Taunton DPW outlines $17.2M recent investment and previews $7.2M roads CIP for 2025
Loading...
Summary
The Department of Public Works presented five‑year spending on roads and sidewalks (about $17.2M over three years for capital projects and $10.2M on sidewalks over five years) and previewed a proposed $7.2M roads allocation in the next Capital Improvement Program, emphasizing data‑driven prioritization and utility coordination.

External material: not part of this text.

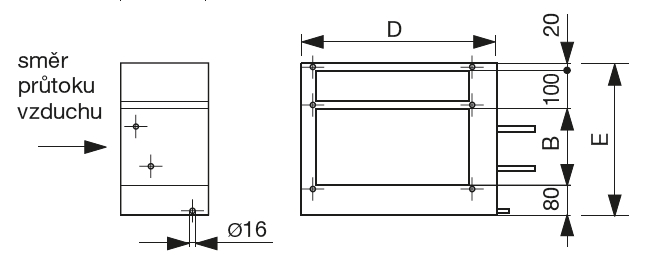 ![]() | Informace • je určen pro čtyřhranné potrubí ve spojení s jednotkami DIRECT AIR • plášť chladiče je z galvanizovaného plechu • lamely jsou hliníkové na měděných trubičkách • připojení je pájením • chladič obsahuje eliminátor kapek • použitelné do provozního tlaku 30 bar (3 MPa) Instalace a provoz • rychlost vzduchu v potrubí nesmí překročit 4 m/s, jinak je nutno po konzultaci s technickým oddělením EDV doplnit další eliminátor kapek • přímé chladiče mohou být instalovány pouze ve vnitřním prostředí (v místě, kde je teplota trvale nad 0 ˚C • montáž výlučně v horizontální poloze • před chladič musí být instalován filtr vzduchu (ochrana před znečištěním) • chladič doporučujeme zařadit za ohřívač • při montáži je nutno pamatovat na vypouštění a plnění soustavy a zajištění přístupu pro servis • v rámci projekce je nutno chladič navrhnout s ohledem na množství vyvíjeného kondenzátu • odvod kondenzátu s pachovým sifonem je třeba kontrolovat s ohledem na možnost vysychání a zajistit dostatečnou výšku vodního sloupce pro překonání tlakové ztráty sifonu • pro zjištění minimálního bezpečného rozdílu hladin v sifonu lze orientačně postupovat tak, že se vezme celkový tlak ventilátoru Pt v mm vodního sloupce, tato hodnota se zvýší o cca 50 % (takto získaná hodnota představuje praktickou doporučenou hodnotu výšky vodního sloupce v sifonu, aby nemohlo dojít k překonání pachového uzávěru vyfouknutím přetlakem nebo vysáním podtlakem ventilátoru) • procházející vzduch nesmí obsahovat pevné, vláknité, lepivé a agresivní příměsi. Také musí být bez chemických látek, které způsobují korozi použitých materiálů tj. narušují hliník, měď a zinek • pro snížení tlakových ztrát (a tím snížení provozních nákladů) doporučujeme používat chladiče s obtokem vzduchu kolem výparníku (typ IKFxxBP) • propojení výparníku se zdrojem je pomocí izolovaného měděného potrubí. Chladící výkon se reguluje pomocí spínání kondenzační jednotky (provoz START-STOP) • na základě konzultace s technickým oddělením je možno nabídnout vhodný zdroj chladu Upozornění Chladič musí být nainstalován do potrubní trasy s prouděním vzduchu ve směru šipky na skříni chladiče, pokud je chladič namontován obráceně, kondenzát není sváděn do jímače a vytéká z chladiče ven. Pro spolehlivou funkci chladiče je nutno zajistit ochranu proti namrzání, případně regulaci výkonu (odmrazovací cyklus). V objednávce je nutno uvést požadavek na pravé nebo levé provedení. Provedení se rozumí podle směru vývodů při pohledu zpředu (tj. lamely výparníků jsou blíže k vám). Ochrana proti namrzání Při běžném použití musíme zajistit ochranu výparníku proti namrzání. V zimě je obtok otevřen, čímž je ochlazování vstupním vzduchem omezeno. Ochrana proti namrzání je zajištěna čidlem tak, aby při poklesu teploty za chladičem pod +5 ˚C došlo k odpojení zdroje chladu (kondenzační jednotky). K opětovnému připojení dojde, až vzroste teplota za chladičem nad +5 ˚C a současně bude požadavek na chlazení z řídicího systému. Lze použít termostaty s kontaktním výstupem např. čidlo F2000, které je určeno pro snímání teploty vzduchu v potrubí za výparníkem. Čidlo má nastavitelnou teplotu v rozsahu -30 …+30 ˚C, krytí IP44, kontakt Umax = 250 V, Imax = 16 A. Montáž a údržba přímých chladičů – výparníků Přímý chladič musí být vzdálen od kondenzační jednotky méně, než je maximální povolená vzdálenost. Musí být dodrženy limity pro maximální délku přívodního vedení a maximální převýšení mezi zdrojem a výparníkem. Instalace musí být provedena na základě odborného projektu kvalifikovaného projektanta, který odpovídá za správný výběr výparníku a příslušenství. Instalaci a uvedení do provozu smí provádět pouze odborná montážní firma s oprávněním dle obecně platných předpisů. Před montáží je nutno chladící systém pečlivě zkontrolovat. Hlavně je třeba zkontrolovat, zda nejsou některé díly poškozeny, zda je v pořádku potrubí, lamely a sběrače výparníku. Propojovací měděné potrubí musí být po celé délce izolováno a to každá trubka zvlášť. | |

The Taunton Department of Public Works presented a road and sidewalk recap to the municipal council, highlighting multi‑year investments and a preview of the 2025 capital improvement program. DPW leaders told councilors that Mayor O’Connell and council support allowed roughly $17.2 million in capital investments over recent years and about $10.2 million invested in sidewalks over five years.
DPW described the pavement management program, the city's use of resident service requests (SeeClickFix) and a road surface rating survey to prioritize work. Officials said Taunton has 207 Chapter 90‑accepted streets and has completed work on about 20% of those using available funding. The DPW described coordination with utilities (TMLP, Verizon, Comcast, Eversource) and said an infrastructure meeting with utilities is scheduled in late winter to avoid conflicts in spring construction.
The DPW previewed a proposed $7.2 million roads CIP for the coming year that will be phased across projects rather than executed with a single large procurement. Councilors asked about Tremont Street timing, which DPW estimated as multi‑year (roughly five to eight years) due to required utility replacements and MassDOT coordination; they also discussed granular costs such as granite curb installation and police detail expenses. DPW said police and civilian traffic controllers are used to keep projects on schedule, and that ADA ramp and sidewalk compliance work remains an ongoing priority with some grant applications pending.
Next steps: the mayor will present the fiscal year 2025–2029 CIP to council on Jan. 21; DPW will return with more project‑level timelines and utility coordination plans.